Work to be completed
Write down exactly what lies from the line containing "Featuring Relaxed silk-chanderi" to the end of the records, inclusive, and omit the pictures.
━━ Records supplied
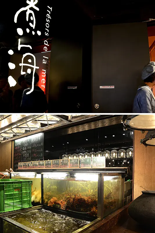 煮海外頭有著玻璃水缸,上方還用黑板標示品名價格,乍看就像是海產店。
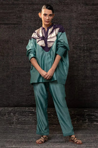 Featuring Relaxed silk-chanderi top with a soft drop shoulder and easy sleeves, finished with a statement brocade-tissue yoke across the chest.Paired with straight, narrow pants.
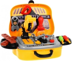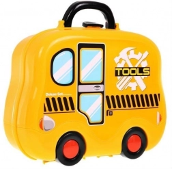 Praktischer Koffer, der Kindern das Verstauen und Transportieren des Werkzeugsets erleichtert. Leicht und einfach zu tragen, im Design eines Schulbusses.
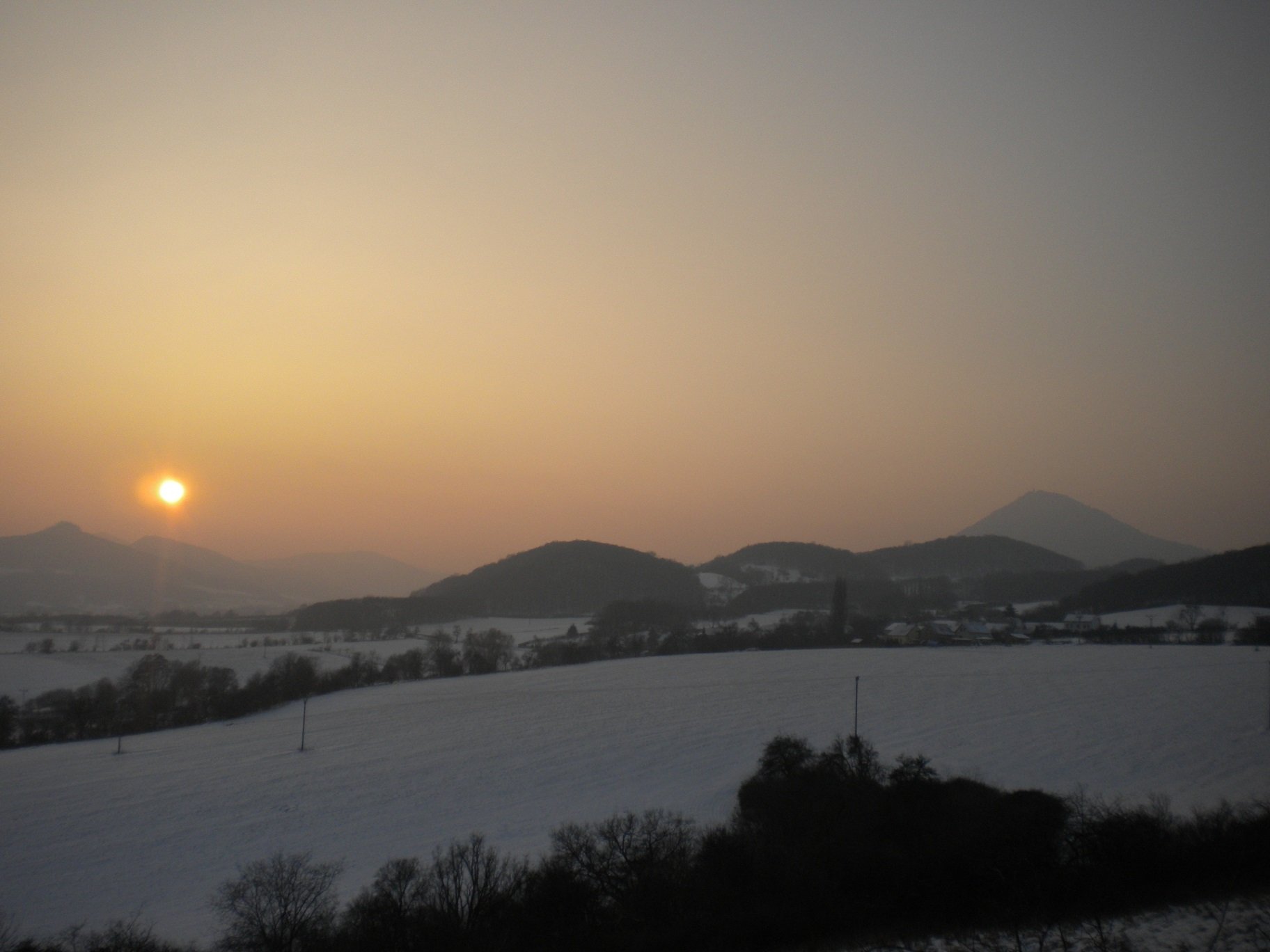 Západ slunce nad Ostrým a Lipskou horou.  autor: rychlobezka
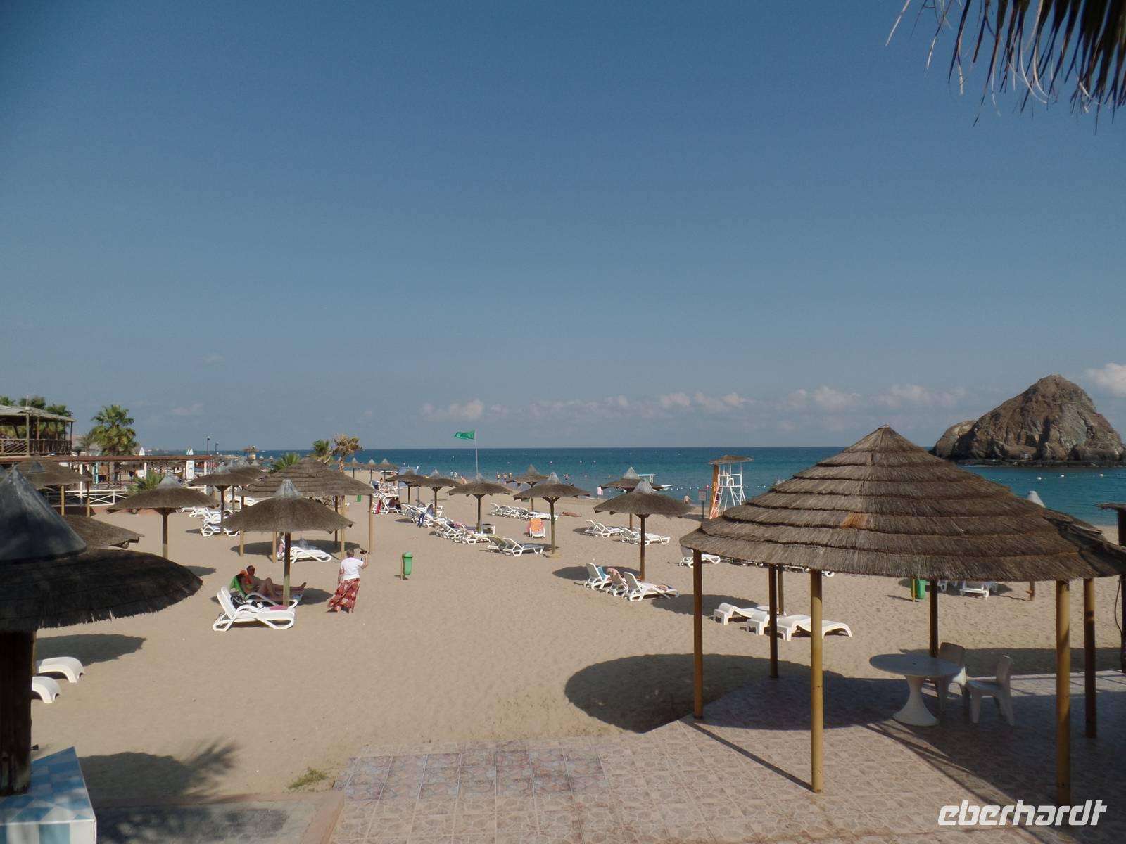 Heute war auch schon unser letzter Tag in Dubai angebrochen und wir gaben den Gästen die Gelegenheit mit uns einen Ausflug an die Ostküste zu unternehmen. Nicht alle wollten daran teilnehmen, einige nutzten die Freizeit um sich noch einmal Dubai Marina anzusehen oder in einer der Malls shoppen zu gehen. Alle anderen fuhren gemeinsam mit Sandra und mir in Richtung Hajar-Gebirge an der Grenze zum Oman. Bevor wir an unserem eigentlichen Ziel dem Sandy Beach Hotel ankamen, legten wir noch Stopps am Freitagsmarkt und an der Moschee von Bidiyah ein. Gegen Mittag erreichten wir die Ostküste, wo wir die letzten Stunden vor Abflug genießen konnten. Das Motto hieß jetzt hier: Entspannen, die Reise Revue passieren lassen und das sonnige Wetter bei einem Bad im Meer zu genießen. Zum frühen Abend erreichten wir schließlich unser Hotel und es hieß wieder Taschen packen.
━━━━
The answer
 Featuring Relaxed silk-chanderi top with a soft drop shoulder and easy sleeves, finished with a statement brocade-tissue yoke across the chest.Paired with straight, narrow pants.
 Praktischer Koffer, der Kindern das Verstauen und Transportieren des Werkzeugsets erleichtert. Leicht und einfach zu tragen, im Design eines Schulbusses.
 Západ slunce nad Ostrým a Lipskou horou.  autor: rychlobezka
 Heute war auch schon unser letzter Tag in Dubai angebrochen und wir gaben den Gästen die Gelegenheit mit uns einen Ausflug an die Ostküste zu unternehmen. Nicht alle wollten daran teilnehmen, einige nutzten die Freizeit um sich noch einmal Dubai Marina anzusehen oder in einer der Malls shoppen zu gehen. Alle anderen fuhren gemeinsam mit Sandra und mir in Richtung Hajar-Gebirge an der Grenze zum Oman. Bevor wir an unserem eigentlichen Ziel dem Sandy Beach Hotel ankamen, legten wir noch Stopps am Freitagsmarkt und an der Moschee von Bidiyah ein. Gegen Mittag erreichten wir die Ostküste, wo wir die letzten Stunden vor Abflug genießen konnten. Das Motto hieß jetzt hier: Entspannen, die Reise Revue passieren lassen und das sonnige Wetter bei einem Bad im Meer zu genießen. Zum frühen Abend erreichten wir schließlich unser Hotel und es hieß wieder Taschen packen.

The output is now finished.